Why is a parameter pack allowed after default arguments?

Question

Maybe I'm missing something obvious, but the following compiles and runs, and I'm not sure why. I am aware of this, but in the example below the position of the parameter pack and the default argument are reversed. Doesn't it violate the rule that default arguments have to appear last? The parameter pack cannot have a default value.

#include <iostream>
#include <string>
#include <tuple>

template<typename ... Ts>
struct Test
{
    int i;
    std::string str;

    Test(int _i = 0, Ts&& ... _ts)
        :
          i(_i),
          str(std::get<0>(std::forward_as_tuple(std::forward<Ts>(_ts)...)))
    {}
};

int main()
{
    Test<std::string> t(1, "huh??");
    std::cout << "t.i = " << t.i << ", t.str = " << t.str << "\n";

    return 0;
}

This produces

t.i = 1, t.str = huh??

Answer 1

From 8.3.6 ([dcl.fct.default])/4:

For non-template functions, default arguments can be added in later declarations of a function in the same scope. Declarations in different scopes have completely distinct sets of default arguments. That is, declarations in inner scopes do not acquire default arguments from declarations in outer scopes, and vice versa. In a given function declaration, each parameter subsequent to a parameter with a default argument shall have a default argument supplied in this or a previous declaration or shall be a function parameter pack.
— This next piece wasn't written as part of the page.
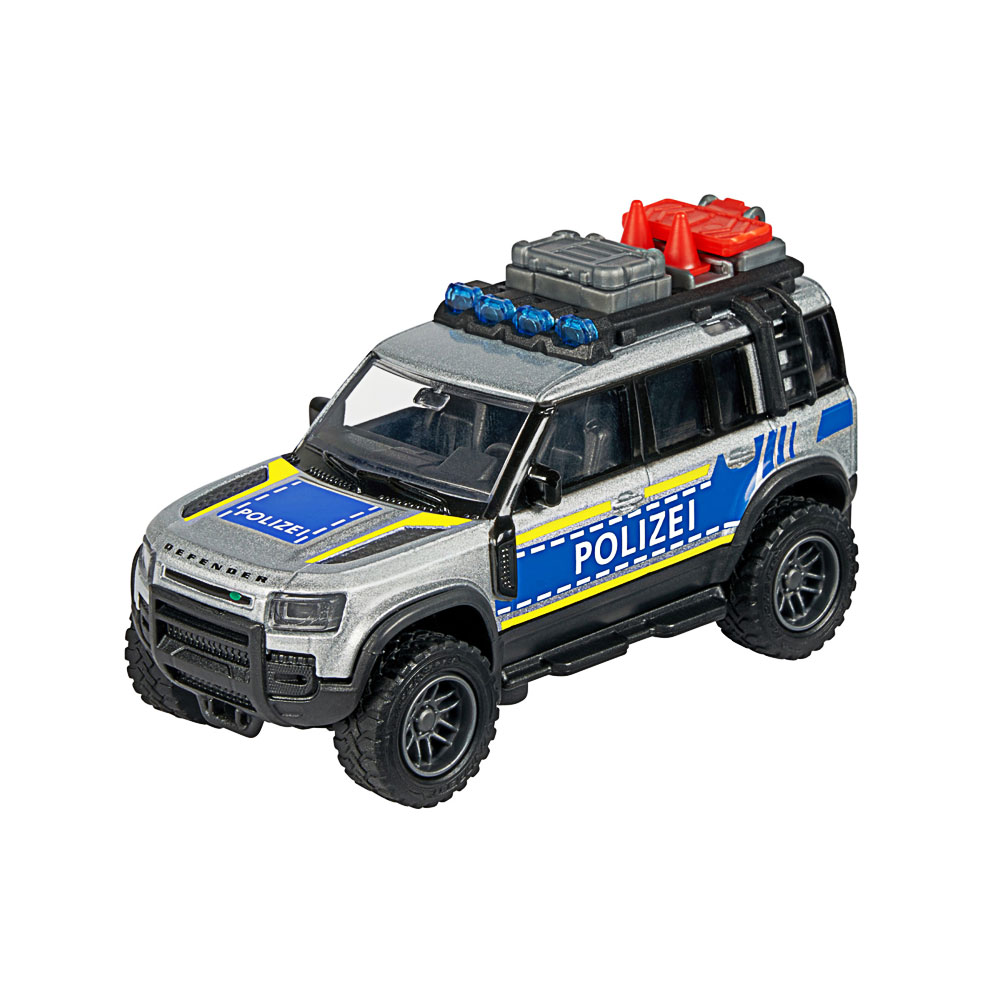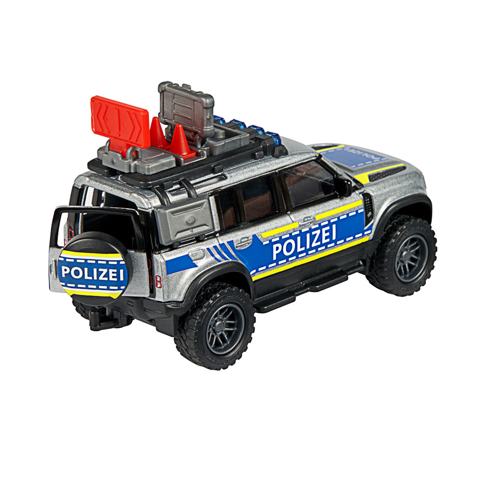 - Polizeiwagen mit Extras - Tatkräftige Unterstützung ist unterwegs: Das 12,5 cm lange Defender 90 Polizei-Auto kommt mit Freilauf, Metall-Kabine und offiziell lizenziertem Land Rover Design angerollt.
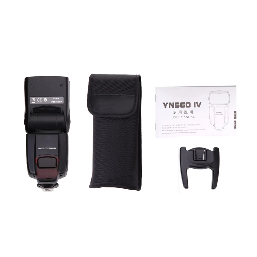 Specifications: Circuit design: Insulated Gate Bipolar Transistor (IGBT) Guide No.: 58 (ISO 100, 105mm) Flash mode: M, Multi Triggering mode: Camera set-up,TX, RX, S1, S2 Zoom range: 24, 28, 35, 50, 70, 80, 105mm Vertical rotation angle: -7~90 degrees Horizontal rotation angle: 0~270 degrees Power supply: 4* AA size batteries (not included) Lighting times: 100~1500 times (AA alkaline cell used) Recycle time: approx. 3s (AA alkaline cell used) Color temperature: 5600k Flash time: 1/200s~1/20000s Flash control: 8 levels of output control (1/128~1/1), 29 levels of fine tuning External interface: hot shoe, PC port and external charging port Wireless triggering distance: 20~25m indoor, 10~15m outdoor, 100m(2.4G wireless) Additional features: The electronic flash head zooming, sound prompt, PC prot, power saving mode, overheating protection and auto save settings Item size: 20 * 7 * 5.5cm / 7.9 * 3.0 * 2.2in Item weight: 366g / 12.9oz Package size: 21 * 10 * 8.5cm / 8.3 * 3.9 * 3.3in Package weight: 541g / 1.19Lbs Package List: 1 * Speedlite 1 * Mini Stand 1 * Protecting Bag 1 * User Manual(Chinese & English) Supports Wireless Master Function,provides 3 independent groups with controlling ability, realizing remote control the flash mode, flash output and focal length of the YN560 IV and YN560 III. Supports Wireless Slave Function, fully supports YN560-TX, RF-603 II RF-602 Wireless Transmitter.(YN560 IV=YN560III+YN560-TX) Supports Multiple Trigger Synchronous Mode. Top of the camera, 2.4G wireless triggering, S1 and S2 pre flash cancel mode. Supports setting save automatically, custom settings. Verify the flash light setting Support 24~105mm electric zooming function, ultrafast charging recycle system, supports external power supply.

A default argument shall not be redefined by a later declaration (not even to the same value). [ Example:

void g(int = 0, ...); // OK, ellipsis is not a parameter. So it can follow a parameter with a default argument 

Answer 2

As an addition to the great answer by rsp, it's also worth noting that this behavior makes logical sense. Non-default, non-parameter-pack arguments cannot follow a default argument without resulting the in the requirement that the default argument has to be specified--in which case it is no longer a default argument.

For example, if the following were allowed:

void example(int x=0, int y); 

The non-default second argument would mean a call to function would need to be structured example(1, 2); as the first parameter cannot be defaulted. This is not the case for an empty parameter pack. Consider the following function:

template <typename... T> void example(int x = 0, T&&... t); 

In this case it is still possible to default x by calling example();

Answer 3

The why of it is simple. Effectively parameter packs always have a default: Parameter packs can be empty, so that won't contradict the concept that missing defaults must be the last arguments.